Air date: January 6, 2026
Host: Ed Crooks (Wood Mackenzie)
Guests:
- Amy Myers Jaffe (NYU)
- Apoorv Bhargava (Co-founder and CEO, WeaveGrid)
Overview
This episode explores the challenges and opportunities presented by the growing adoption of electric vehicles (EVs) for electricity grids – particularly how EVs, often seen as a source of strain (“grid problems”), might be repurposed as an important asset to grid reliability and flexibility. The discussion dives into the specifics of distributed energy resource management, “virtual power plants,” the business model and technology of WeaveGrid, and the broader question of reshaping grid infrastructure and customer behavior in the accelerating energy transition.
Key Discussion Points and Insights
1. The Grid’s Infrastructural Strain and Resource Gaps
- Opening context: The grid faces “huge affordability challenges” as demand grows from sectors like EVs and data centers, and there simply isn’t enough capital/human resource to keep up with required build-out. (00:00)

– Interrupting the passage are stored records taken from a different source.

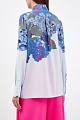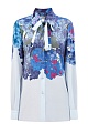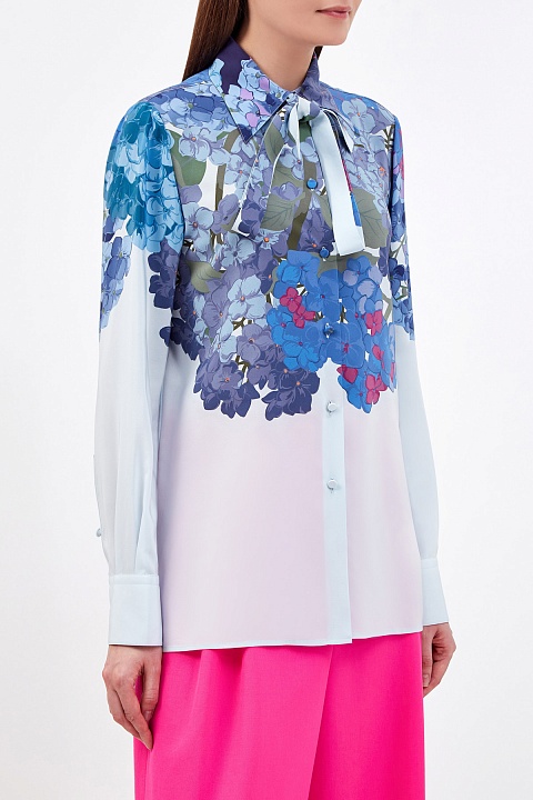 Шелковая блуза из крепдешина с принтом Macro Ortensia и бантом
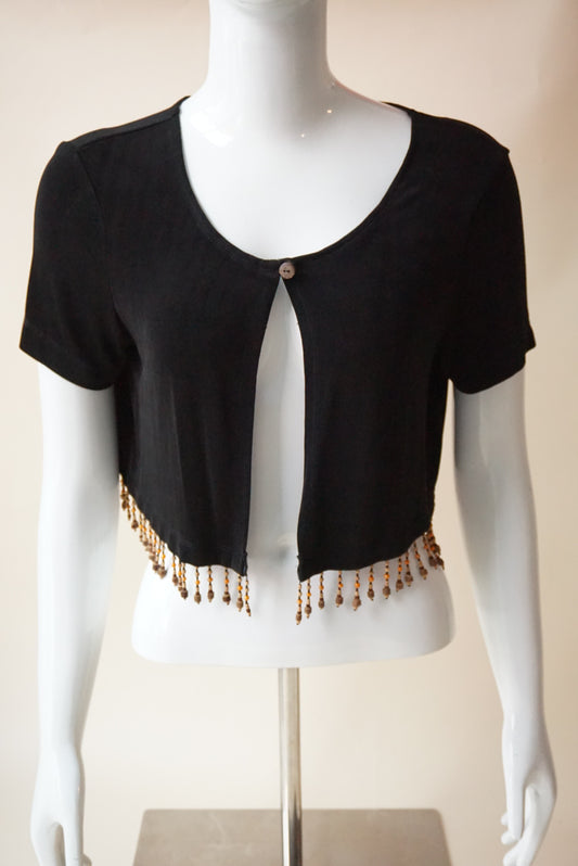 Carole Little Black Vintage Beaded Hem Cardigan - Size 10
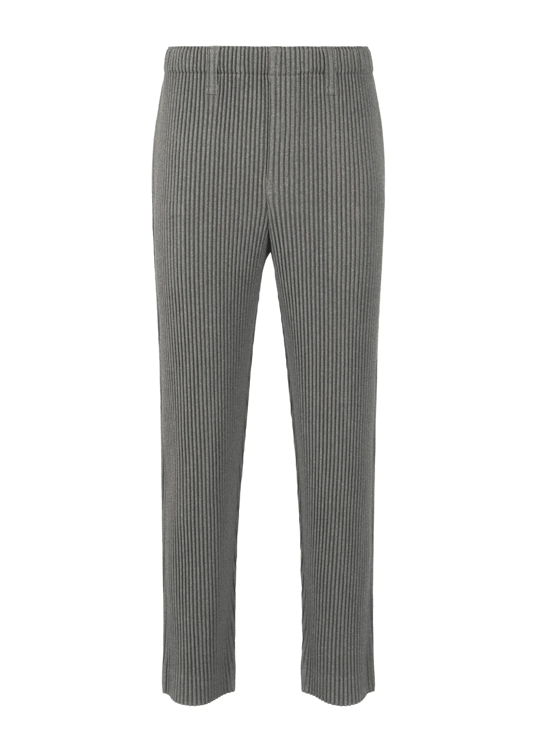 These straight pants are characterized by their soft, supple texture despite being made from polyester. They have pockets on both sides and belt loops at the waist. They have a button-fly design.
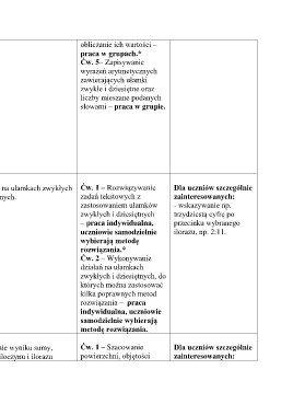na ułamkach zwykłych Ćw. 1 – Rozwiązywanie Dla uczniów szczególnie
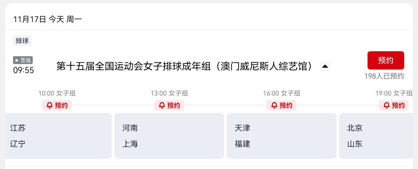 Home>tennisNews> The women's volleyball schedule at the National Games today (11.17) features Henan vs. Shanghai with Zhu Ting playing, live on CCTV-5 and Yangshipin. >
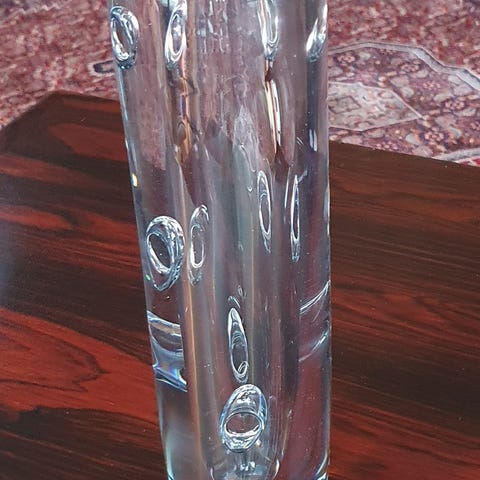 Tung og fin fra glassmagasin, blomster vase
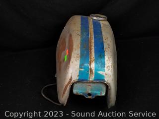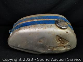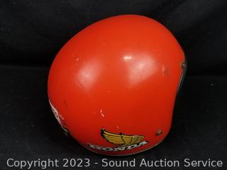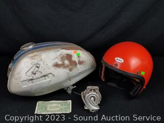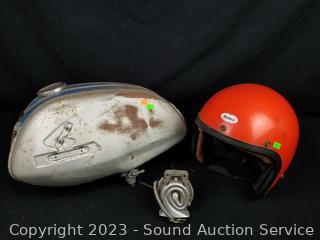 Lot #0158: vtg. Honda Fuel Tank w/Cap & Ampro Helmet
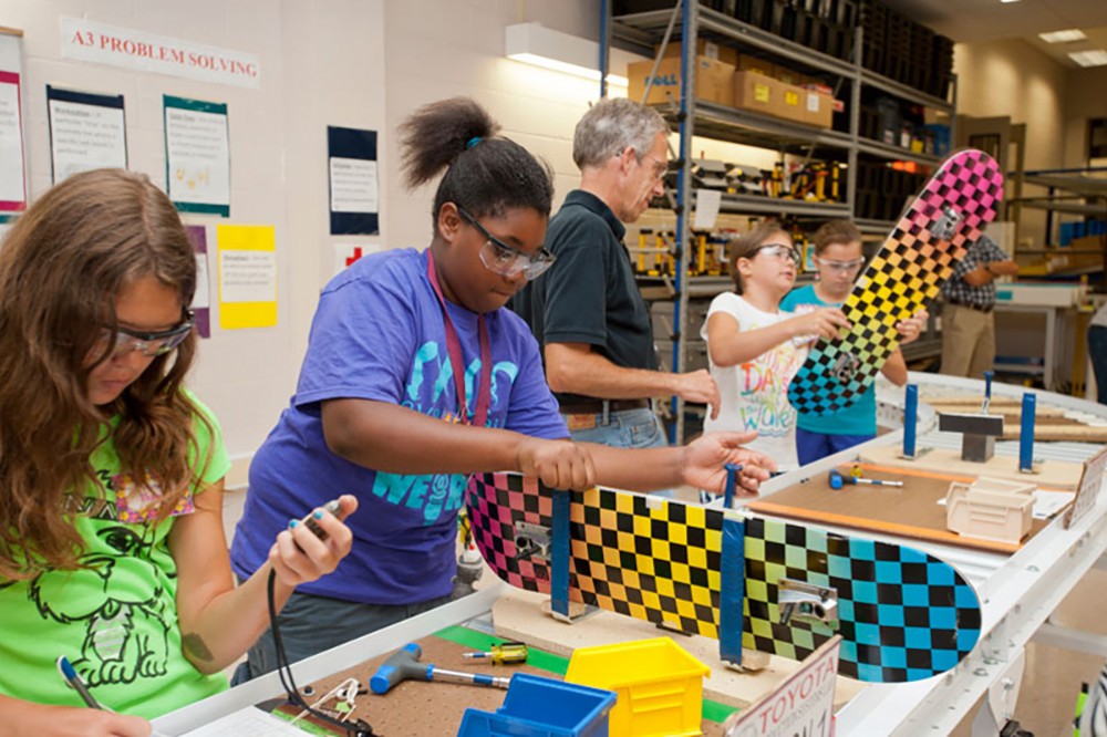 Campers learned about the different parts and processes needed to build a skateboard as part of the Everyday Engineering Camp. The girls, from area middle schools, took to the assembly line in the Toyota Production Systems Lab to put together all the components of the skateboards theyâd eventually be able to ride. The activity was part of the âWorld in Motionâ theme of the camp, hosted by the Women in Engineering program in the Kate Gleason College of Engineering. -
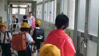 あいさつ運動2日目です。廊下にあいわつレンジャーが登場!しっかりあいさつできた人にはシールが配られます。1年生ははりきっていますよ!
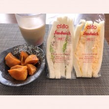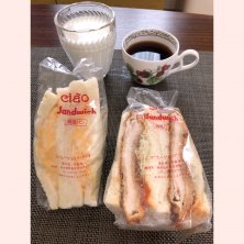 苺サンド。 開店時間に行って出来たてを買ったので、開けたらふんわりとパンの香りが♪ クリームは植物性かな…
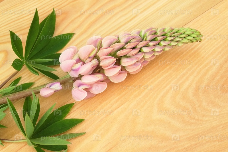 Лупинские цветы изолированы на деревянном столе
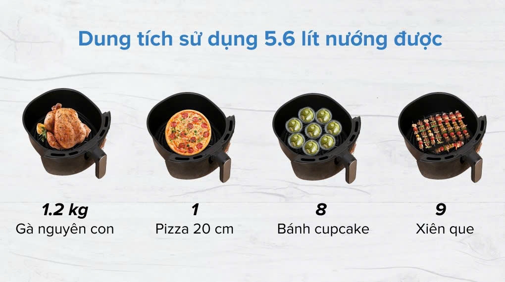 Thiết kế bên ngoài bo tròn nhìn khá nhỏ nhưng bên trong lại nấu được tới 1.6 kg thực phẩm trong một lần, cho gia đình từ 6-8 người ăn thoải mái kèm với độ là dải nhiệt độ chính xác từ 80 ° C đến 200 ° C để cho ra thành phẩm hoàn hảo.

- Quote: “Today we do not have the capital, we do not have the resources, we don't have the human capital, frankly to go build out the grid as much as all the load growth needs are pushing us to get to.” – Apoorv Bhargava [00:00]
2. Apoorv Bhargava’s Journey and Motivation
- Apoorv’s background as an “energy lifer,” shaped by global experiences, early exposure to energy geopolitics, and climate change concerns.
- Grew up on Cyprus, observing how “geopolitics meets security meets energy independence.”
- Influences: Studied under Amy Myers Jaffe at Rice University.
- EV and grid transformation emerged from a sense of opportunity and necessity. [03:12-04:45]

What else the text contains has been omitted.